STORED DATA below:

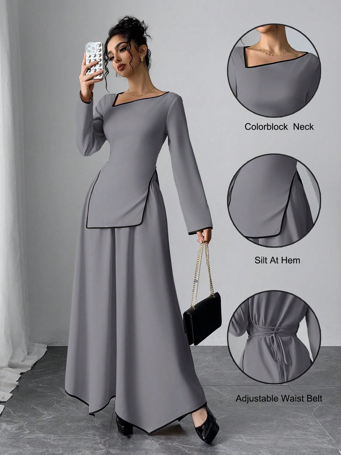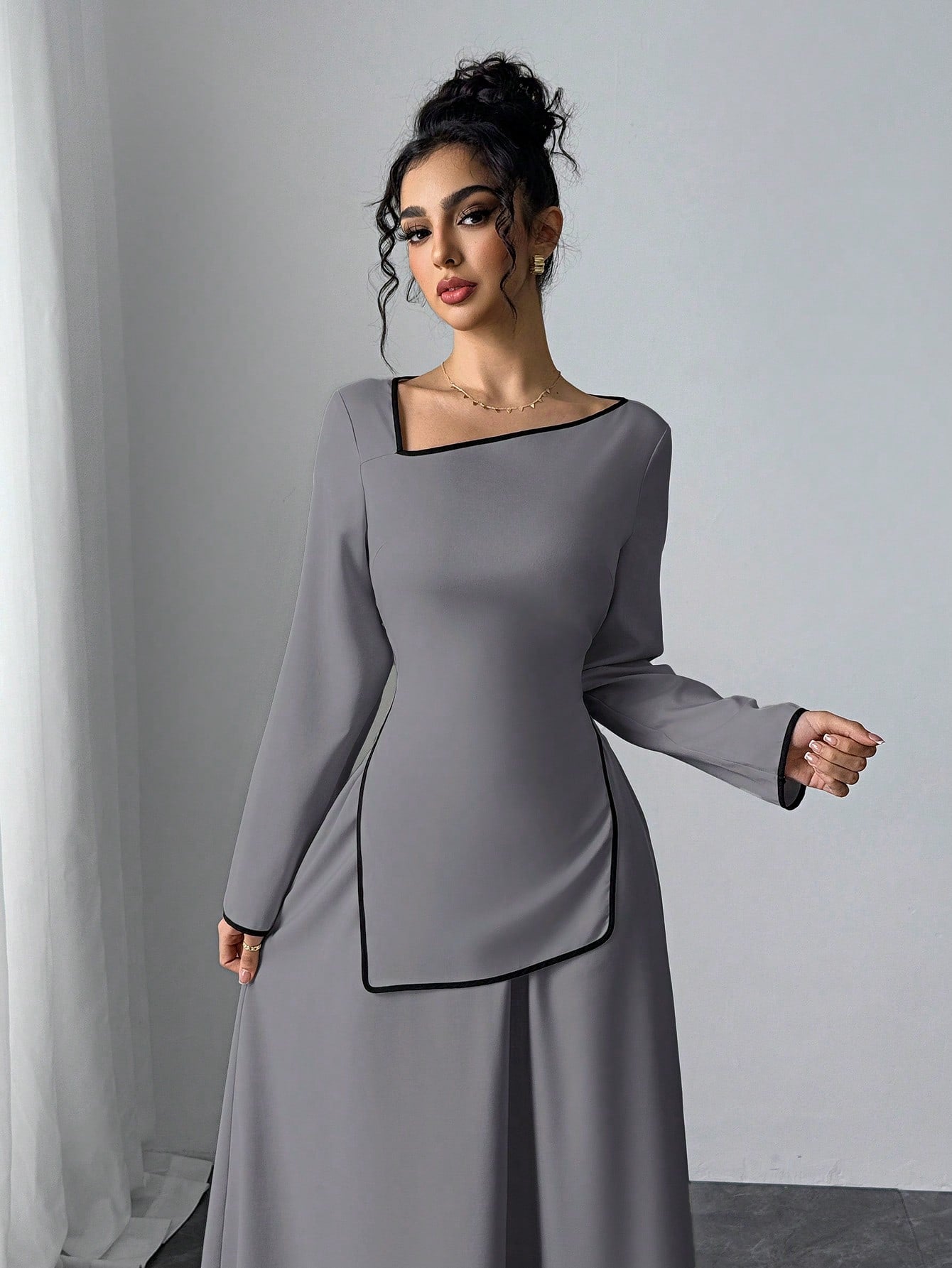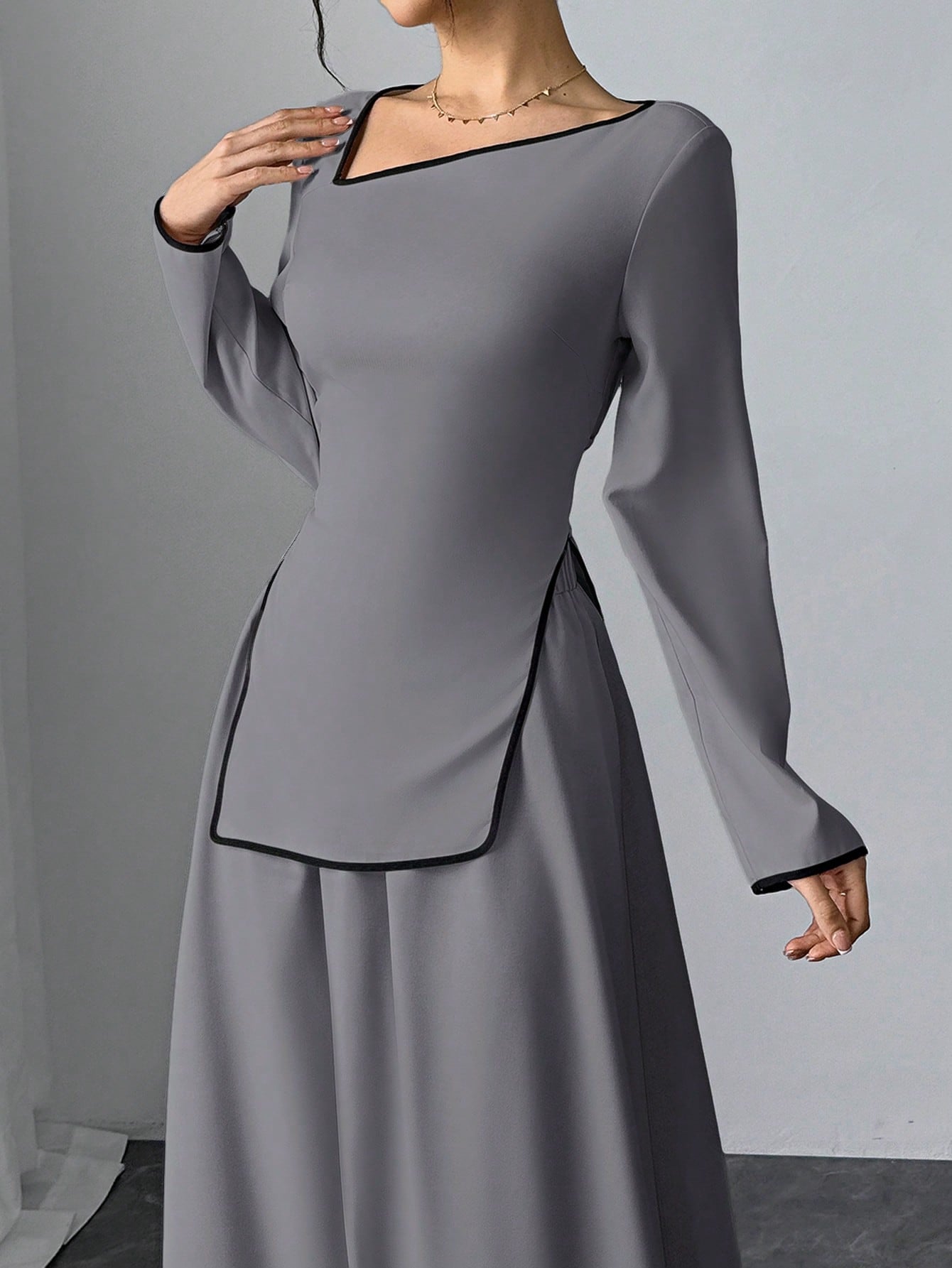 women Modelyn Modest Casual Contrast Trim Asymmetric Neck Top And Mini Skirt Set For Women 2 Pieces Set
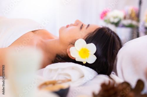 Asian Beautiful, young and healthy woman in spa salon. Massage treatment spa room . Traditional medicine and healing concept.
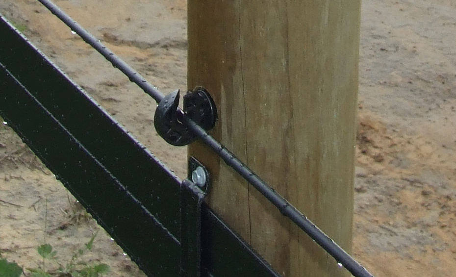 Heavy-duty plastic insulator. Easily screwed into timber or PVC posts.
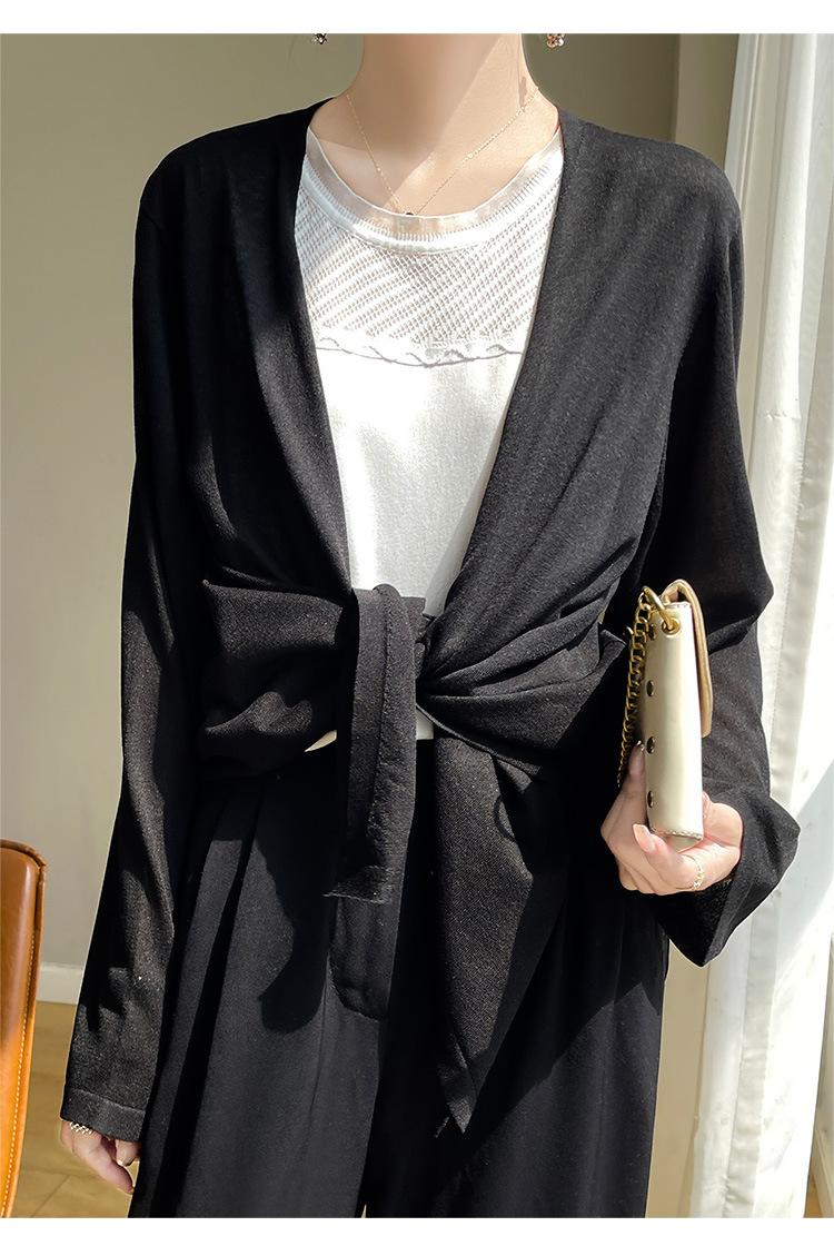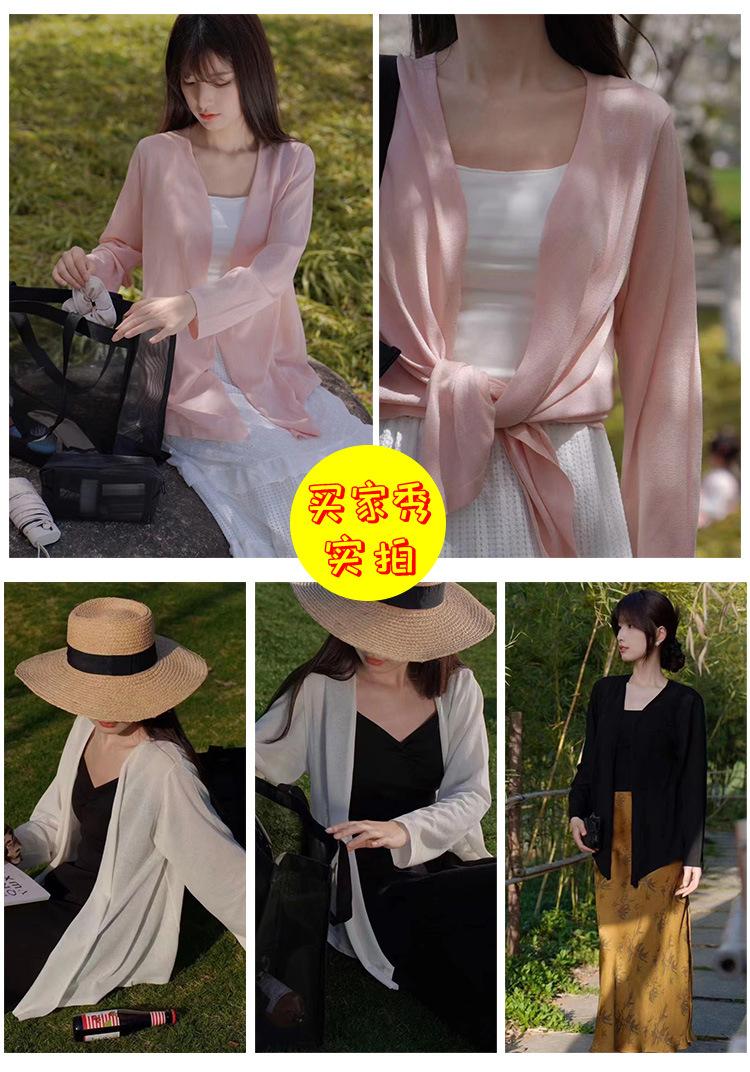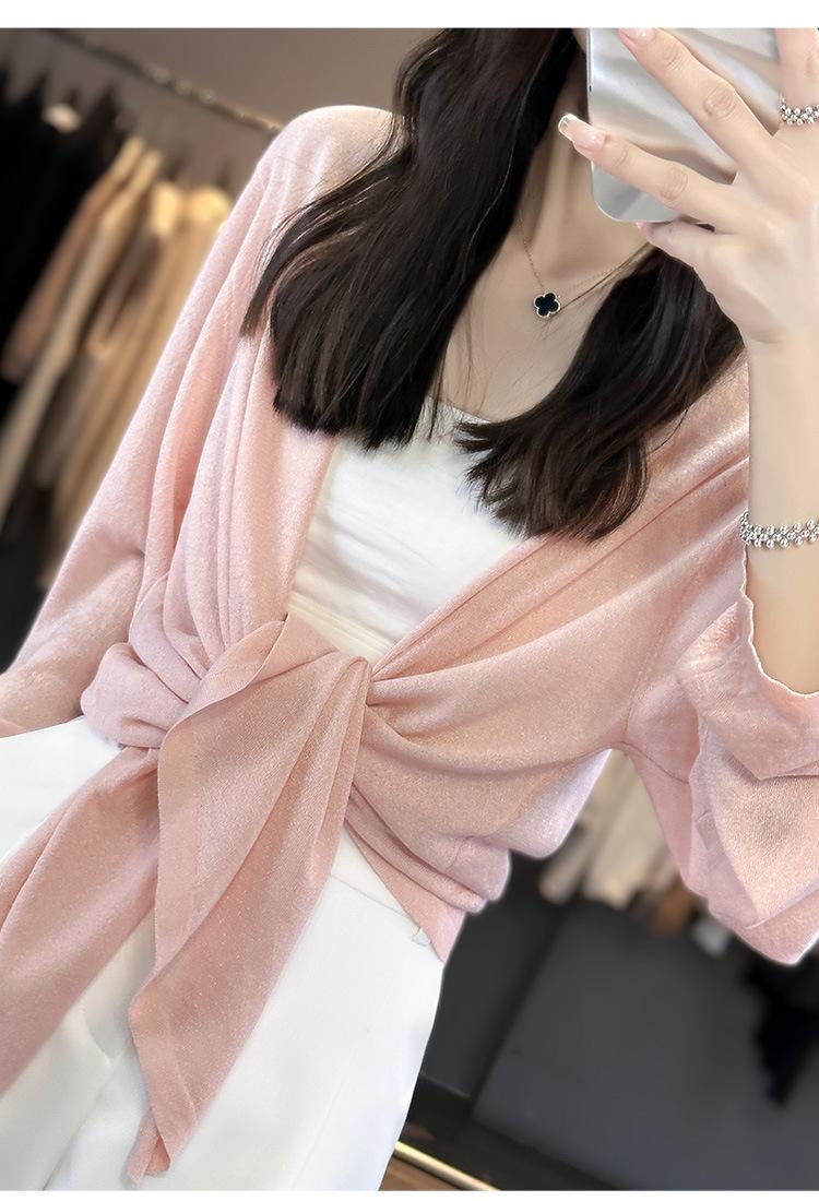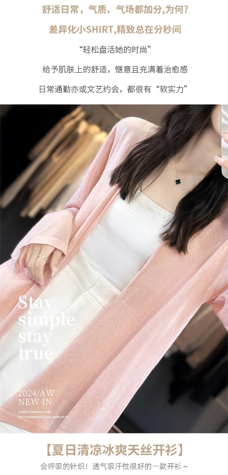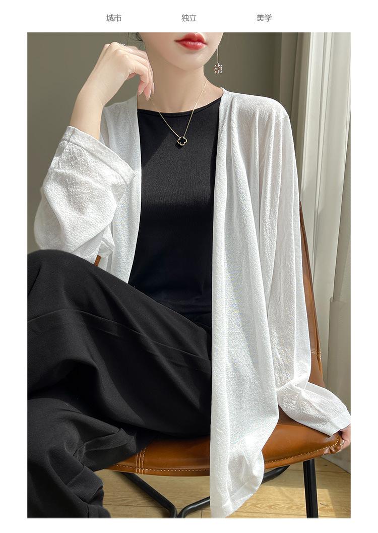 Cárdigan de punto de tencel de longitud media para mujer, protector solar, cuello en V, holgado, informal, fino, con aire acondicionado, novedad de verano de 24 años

End of STORED DATA.

When you copy the data, keep every line exact and leave out each picture.

ANSWER TO THE PROBLEM —
 women Modelyn Modest Casual Contrast Trim Asymmetric Neck Top And Mini Skirt Set For Women 2 Pieces Set
 Asian Beautiful, young and healthy woman in spa salon. Massage treatment spa room . Traditional medicine and healing concept.
 Heavy-duty plastic insulator. Easily screwed into timber or PVC posts.
 Cárdigan de punto de tencel de longitud media para mujer, protector solar, cuello en V, holgado, informal, fino, con aire acondicionado, novedad de verano de 24 años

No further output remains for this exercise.